Both parabola and circle are located on the positive semi-axis of X (that is, x≥0) and are symmetrical about X, so only the minimum area of △PBC formed by the intersection of the tangent of the moving point P on the first quadrant parabola and the circle O at point B and point C is needed.

Let the moving point coordinate P(x,

Y), two straight lines tangent to the circle intersect the Y axis at B(0,

B) and C(0,

C) Point, where the straight lines PB and PC are tangent to points A and D respectively, there are ⊙A⊥PB, ⊙D⊥PC, |⊙A|=|⊙D|=|⊙o|= 1.
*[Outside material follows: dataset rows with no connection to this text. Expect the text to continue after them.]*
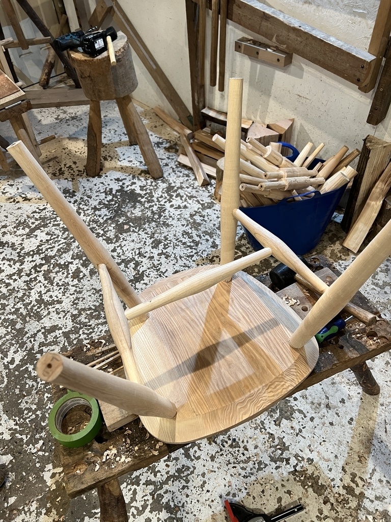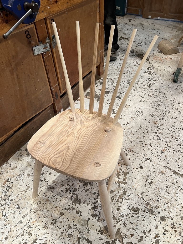 Siège et dossier en hêtre, le reste en frêne encore vert (abattu un mois plus tôt).
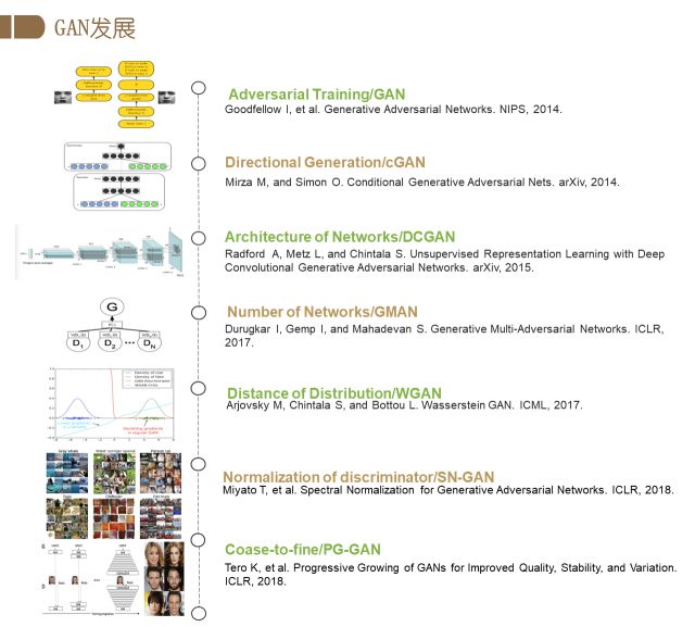 从2014年GAN的提出,实现了从噪声生成图片功能后,生成对抗网络的研究方向越来越多。原始的GAN只是从随机噪声生成图像,缺少对生成图片的控制,所以紧随其后就有研究者提出了Conditional Generative Adversarial Nets。其通过改变输入条件,可以控制图片的生成结果。同时,以DCGAN为代表的一系列工作探索了适用于GAN的网络结构。也有研究者为了解决模式坍塌等问题,提出了更多的网络形式进行对抗学习的研究,如GMAN。 修正GAN的对抗损失函数的工作也在一直进行中,WGAN是其中非常引人瞩目的工作。此外,要拟合真实数据背后的分布度量,常常需要对D网络进行正则化, SN-GAN提出的谱归一化是其中的代表性工作,其可在IMAGENET数据库上训练成功,生成1000类的图像。最后,提高大图像的生成质量也是GAN的一个重点的研究方向。英伟达提出的PG-GAN即是这样的工作,可以生成1024x1024的高清真实图像。
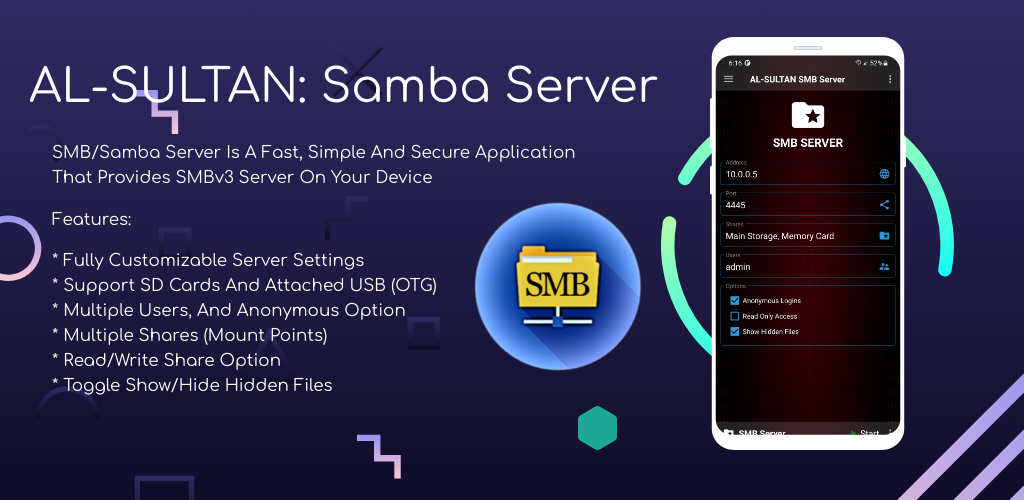 SMB/Samba Server Is A Fast, Simple And Secure Application That Provides SMBv3 Server On Your Device
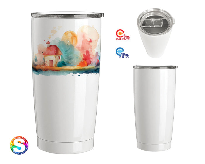 termo de doble pared para sublimación insulado al alto vacío. mantiene las bebidas frías por 10 hrs. y calientes por 6 hrs. tapa transparente de cierre a presión con seguro deslizable. cap. 600 ml. (20 oz.). presentación: caja en color negro.
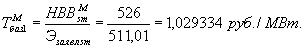 = 50,68 / (276,68 x 12) = 0,01526 млн. руб. в мес./МВт.
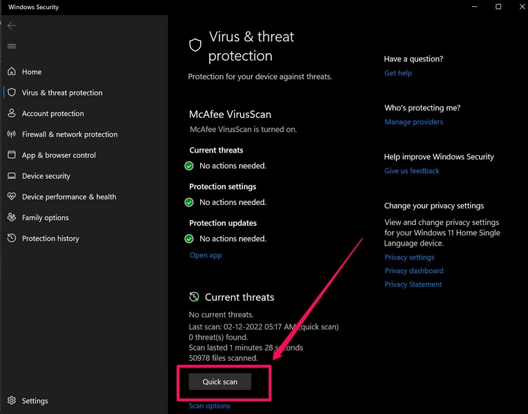 5. Scan op malware of virussen in Windows 11
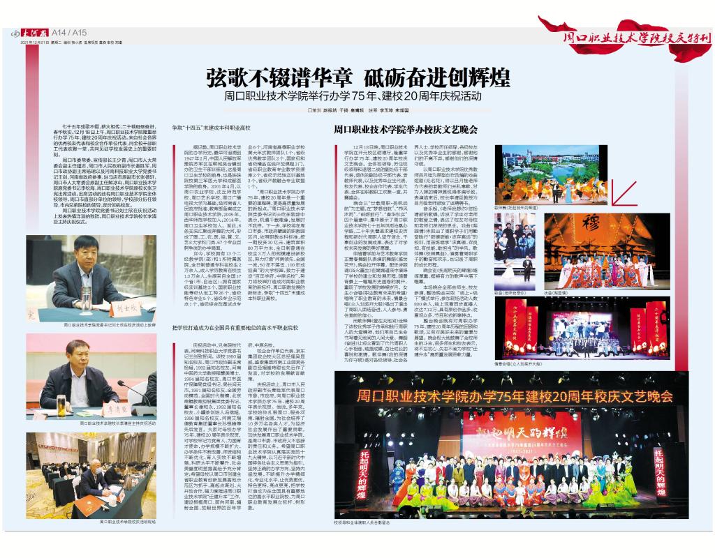 本次校庆特刊,由我校党委宣传部联合大河报周口运营中心策划实施。校庆活动开始前,我校宣传部工作人员多次与大河报周口运营中心沟通,就特刊采写、制作细节等进行深入细致地研究商讨,以求宣传效果走实、走心、入脑,达到润物无声、聚焦出彩的效果。
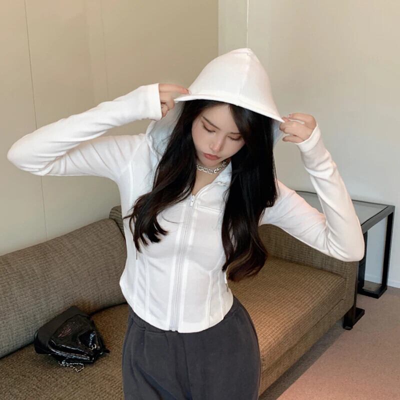 送料無料 Gidyq ストリート女性トレーナースリムフィットクロップド長袖トップス Y2K すべて一致ジッパーパーカー ロング AE008077692985378079
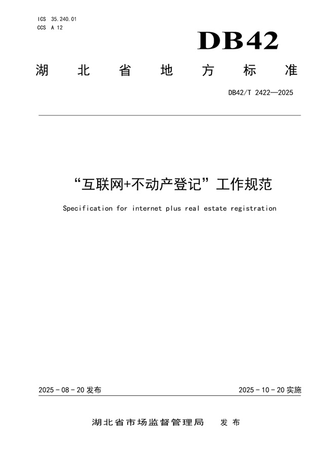 2025年10月20日,由湖北省地理国情监测中心(湖北省自然资源厅不动产登记中心)、武汉市不动产登记中心、武汉大学、湖北省标准化与质量研究院、长江水利委员会长江科学院联合编写的《“互联网+不动产登记”工作规范》(DB42/T2422-2025)湖北省地方标准正式颁布实施。
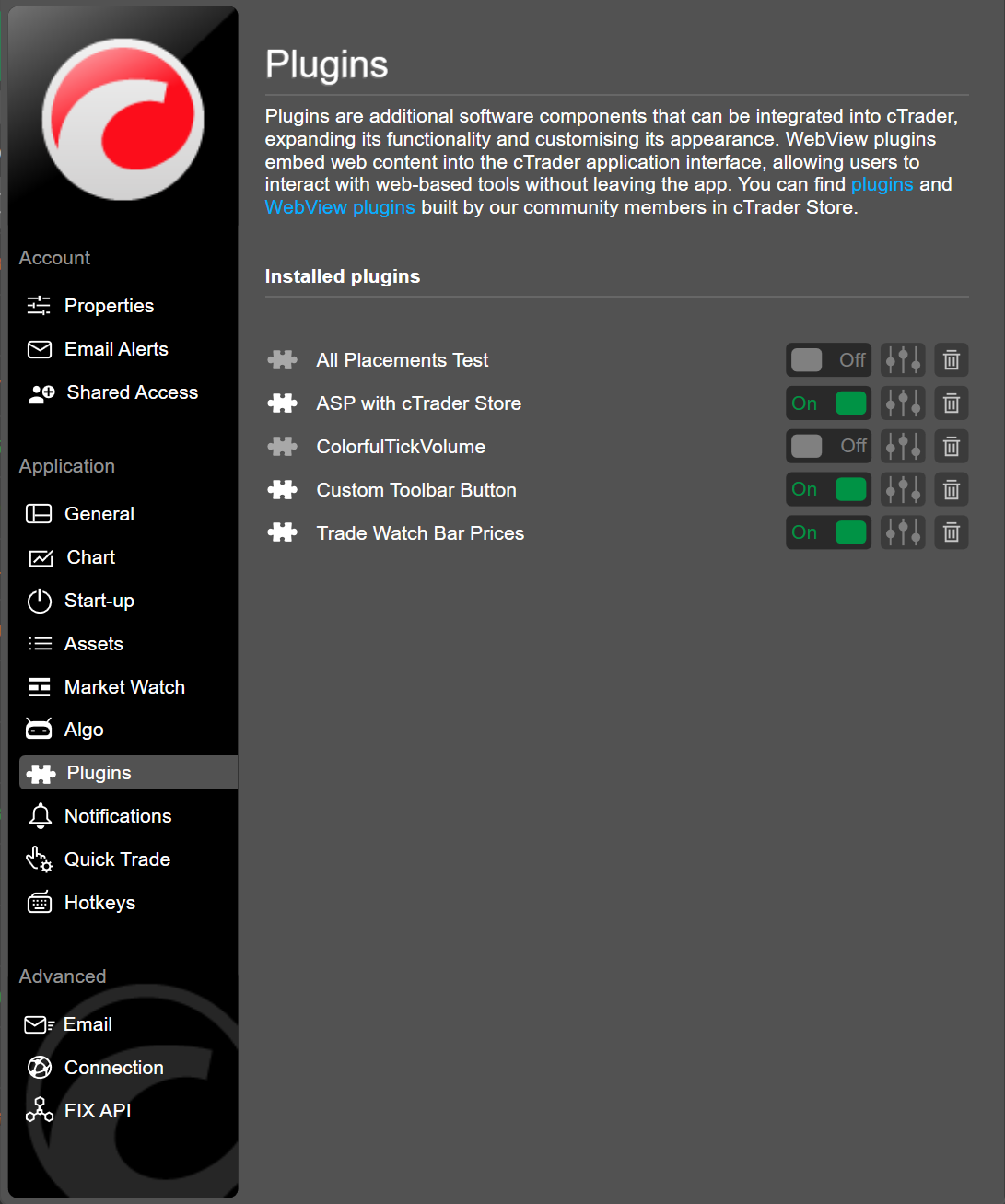 Add and manage plugins in cTrader
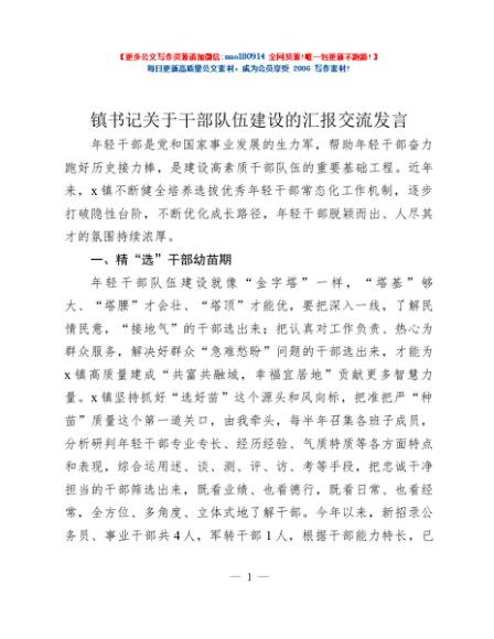镇书记关于干部队伍建设的汇报交流发言
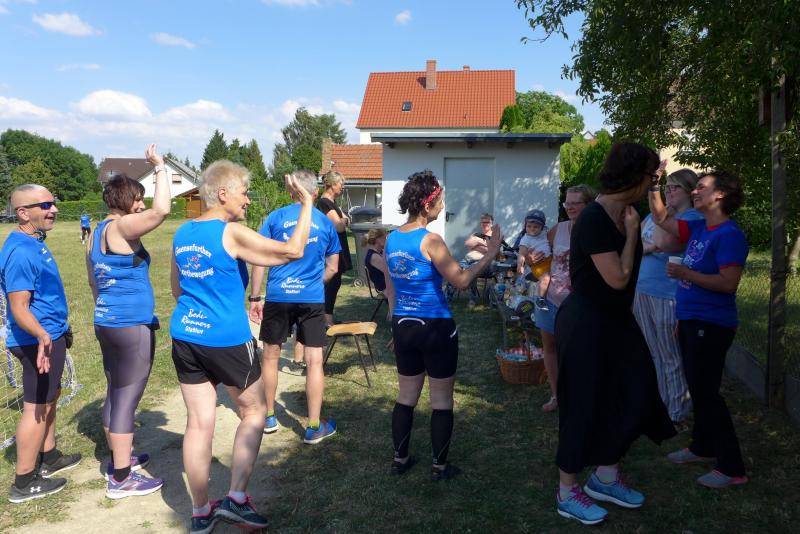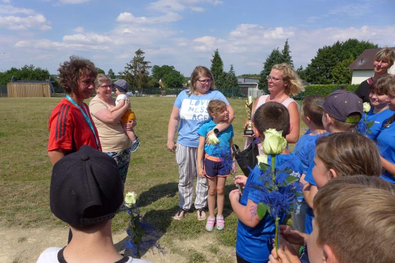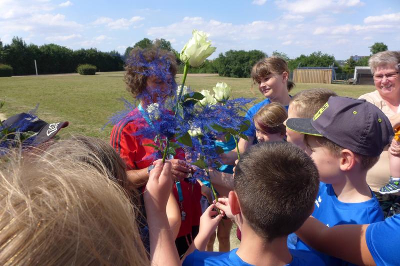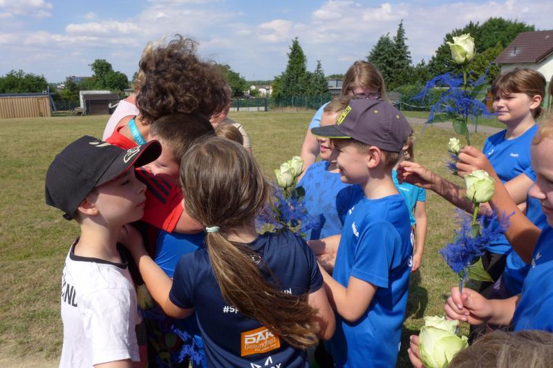 Einen tragischen Verlust muss indes die Kinder-Trainingsgruppe der Gaensefurther Sportbewegung verkraften. Mit den letzten Schultagen endete für die elf Kinder von sieben bis zehn Jahre das Training mit ihrer Silke. Der Umzug in eine andere Stadt ist leider nicht abzuwenden. Dabei hatte sie mit Überbringung dieser traurigen Tatsache wohl am meisten zu kämpfen. Als die Kinder und Eltern die langjährige Übungsleiterin zur letzten Trainingseinheit nun mit einer kleinen Abschiedsfeier überraschten, nahmen die Tränen ihren Lauf. Jedes Kind verabschiedete sich mit einer Rose, natürlich in den Gaensefurther Vereinsfarben blau/weiß. Ein Erinnerungs-T-Shirt für die beste Trainerin der Welt und ein Pokal durften natürlich nicht fehlen. Auch Vertreter der Laufgruppe überbrachten im Namen des Vorstandes ein kleines Dankeschön für die wichtige Arbeit mit den Kids. Silke Vorrath versteht es gut, das Einmaleins der Leichtathletik neigungs-, altersgerecht und spielerisch zu vermitteln. Mit den Sportanlagen rund um die Hecklinger Grundschule hat die temperamentvolle Kindergruppe auch alle Möglichkeiten für ein abwechslungsreiches Training. Doch wie kann es nun weitergehen? Diese Frage wüsste auch Vorrath allzu gerne beantwortet. Im Moment steht ein Übungsleiter-Papa in den Startlöchern, der erstmal alle 14 Tage das Dienstagstraining übernehmen wird. Freiwillige vor, die Gaensefurther Sportbewegung und allen voran die Kinder-Leichtathletikgruppe, sucht dringend nach ein, besser zwei tatkräftigen Unterstützern. Interessenten melden sich sehr gerne direkt bei der Kindergruppe, die immer dienstags ab 15:30 Uhr trainiert oder per E-Mail bei den Bode-Runners unter laufgruppe@gaensefurther-sportbewegung.de, damit ein kräftiges "Sport frei!" weiterhin für Begeisterung bei dem Sportlernachwuchs sorgt...
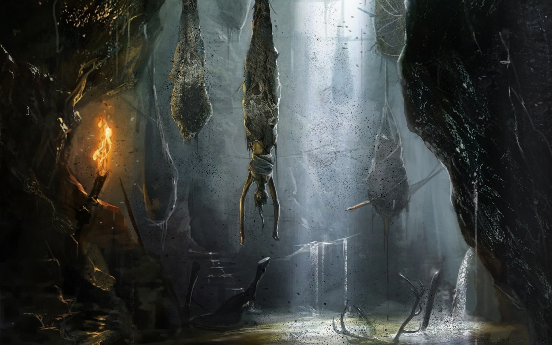 Kokony z ciałami z gry tomb raider

△⊙oB=△⊙AB,△⊙DP=△⊙AP,△⊙oC=△⊙DC

(All right triangles)

Therefore, the area of △PBC is S=2(△⊙AB area +△⊙AP area +△⊙DC area).

but

2△⊙AP area = |⊙ a ||| AP | = | AP |

2δ⊙AB area = |⊙ A ||| AB | = | AB |

The area of 2 △⊙DC = |⊙ O ||| OC | = | OC |

therefore

S=|AB|+|AP|+|oC|=|PB|+|oC|

You can get the coordinates of tangents A and D, and then get the coordinates of points B and C (related to the coordinates of point P), so as to get the values of |PB| and |oC|, and then get the minimum value of S.

The derivation is complicated, please solve the problem yourself.